> **Provided information**
>>>>

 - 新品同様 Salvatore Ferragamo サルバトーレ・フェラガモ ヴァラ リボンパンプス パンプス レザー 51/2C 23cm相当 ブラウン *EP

<<<<
>>>>

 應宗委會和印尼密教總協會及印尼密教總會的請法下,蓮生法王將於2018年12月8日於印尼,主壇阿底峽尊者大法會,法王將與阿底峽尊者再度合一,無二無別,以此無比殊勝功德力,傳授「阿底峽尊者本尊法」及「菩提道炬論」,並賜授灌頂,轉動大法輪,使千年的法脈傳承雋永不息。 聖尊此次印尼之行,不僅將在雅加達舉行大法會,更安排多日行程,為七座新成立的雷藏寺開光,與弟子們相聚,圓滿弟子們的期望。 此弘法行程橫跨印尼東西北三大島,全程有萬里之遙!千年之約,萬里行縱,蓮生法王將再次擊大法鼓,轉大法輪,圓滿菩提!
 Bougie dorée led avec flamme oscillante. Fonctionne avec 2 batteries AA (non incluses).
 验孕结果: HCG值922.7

<<<<

What are the lines, exactly as written above, from the line with "Bougie dorée led" to the line with "验孕结果: HCG值922.7", both included? Output only those.

 Bougie dorée led avec flamme oscillante. Fonctionne avec 2 batteries AA (non incluses).
 验孕结果: HCG值922.7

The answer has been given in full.